• **Problem description**
Please return each entry exactly as it appears, but not the pictures.

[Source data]

=== Section Start ===

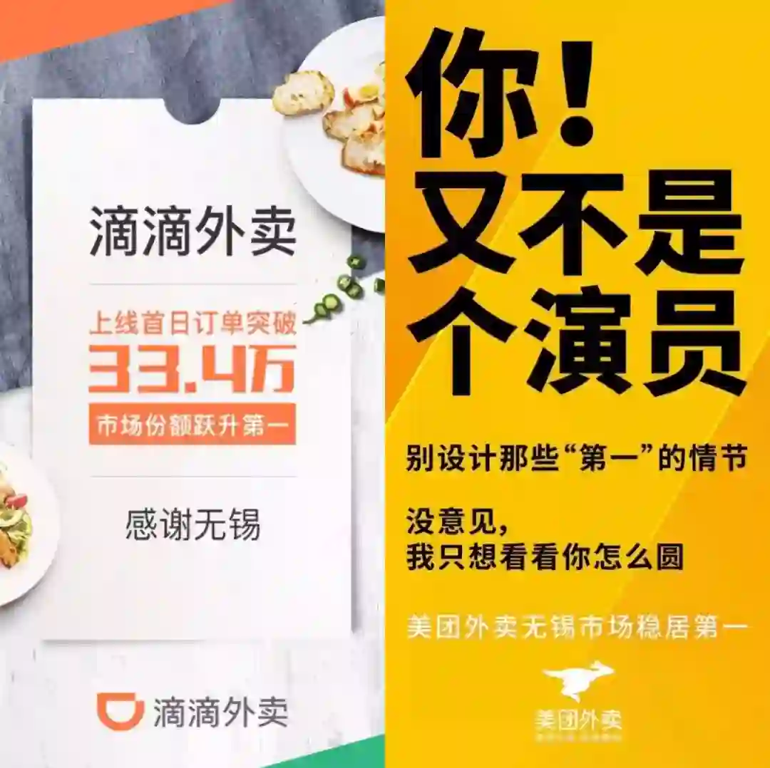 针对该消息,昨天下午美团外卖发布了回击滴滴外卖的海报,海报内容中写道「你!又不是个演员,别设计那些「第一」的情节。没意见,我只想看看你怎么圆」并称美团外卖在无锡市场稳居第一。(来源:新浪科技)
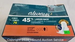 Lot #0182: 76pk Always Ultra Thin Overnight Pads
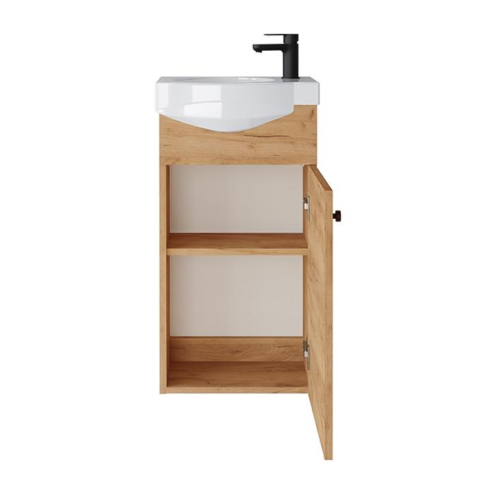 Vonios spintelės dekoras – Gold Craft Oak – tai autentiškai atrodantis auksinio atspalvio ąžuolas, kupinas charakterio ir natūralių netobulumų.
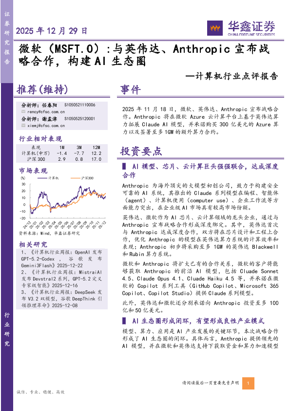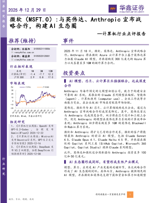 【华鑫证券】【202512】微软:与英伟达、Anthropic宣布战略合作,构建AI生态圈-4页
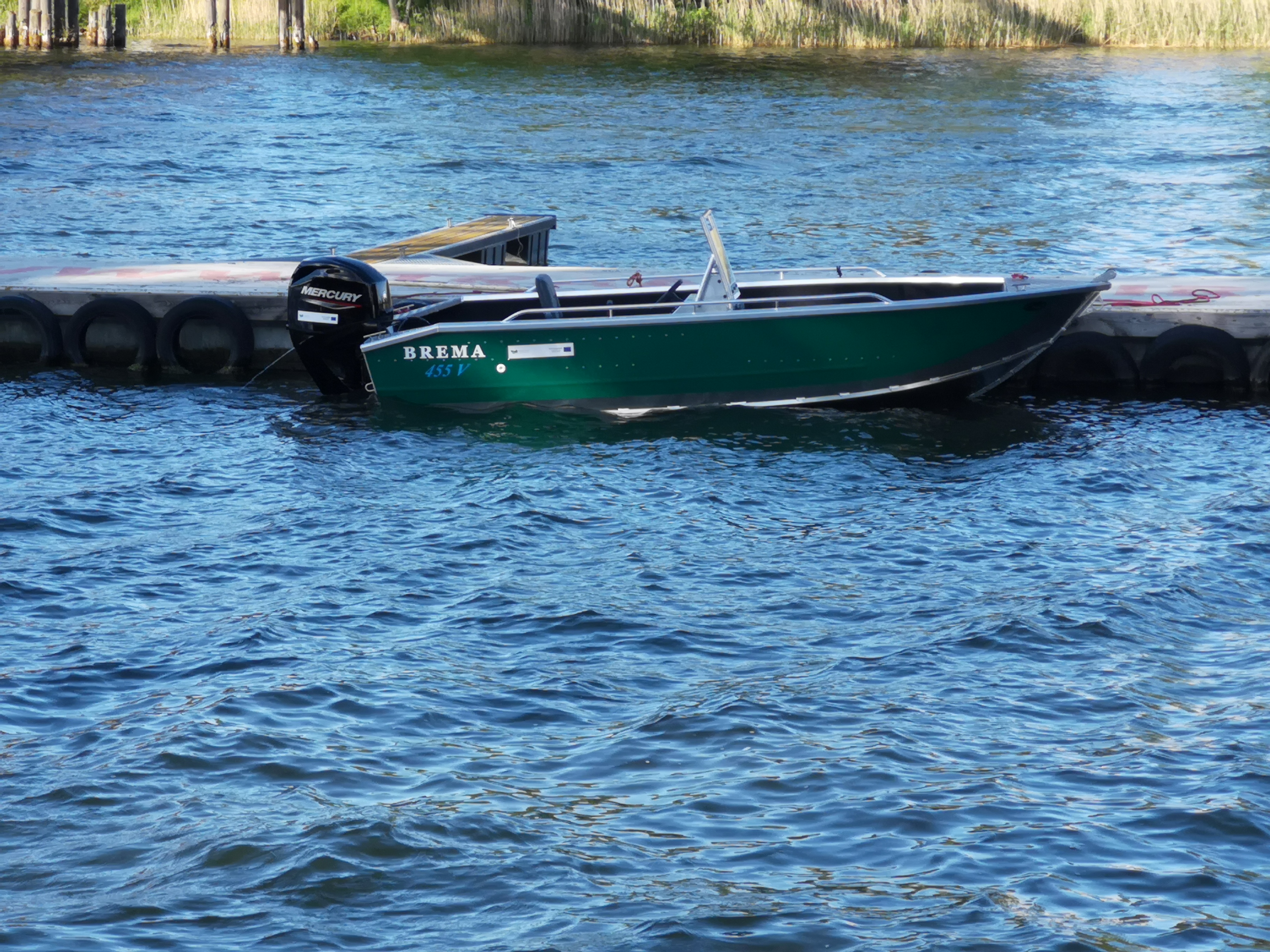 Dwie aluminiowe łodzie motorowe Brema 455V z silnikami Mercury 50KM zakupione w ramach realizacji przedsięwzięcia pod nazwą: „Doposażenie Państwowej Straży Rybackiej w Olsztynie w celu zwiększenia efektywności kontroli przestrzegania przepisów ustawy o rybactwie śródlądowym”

=== Section End ===

• **Output of the exercise**
 针对该消息,昨天下午美团外卖发布了回击滴滴外卖的海报,海报内容中写道「你!又不是个演员,别设计那些「第一」的情节。没意见,我只想看看你怎么圆」并称美团外卖在无锡市场稳居第一。(来源:新浪科技)
 Lot #0182: 76pk Always Ultra Thin Overnight Pads
 Vonios spintelės dekoras – Gold Craft Oak – tai autentiškai atrodantis auksinio atspalvio ąžuolas, kupinas charakterio ir natūralių netobulumų.
 【华鑫证券】【202512】微软:与英伟达、Anthropic宣布战略合作,构建AI生态圈-4页
 Dwie aluminiowe łodzie motorowe Brema 455V z silnikami Mercury 50KM zakupione w ramach realizacji przedsięwzięcia pod nazwą: „Doposażenie Państwowej Straży Rybackiej w Olsztynie w celu zwiększenia efektywności kontroli przestrzegania przepisów ustawy o rybactwie śródlądowym”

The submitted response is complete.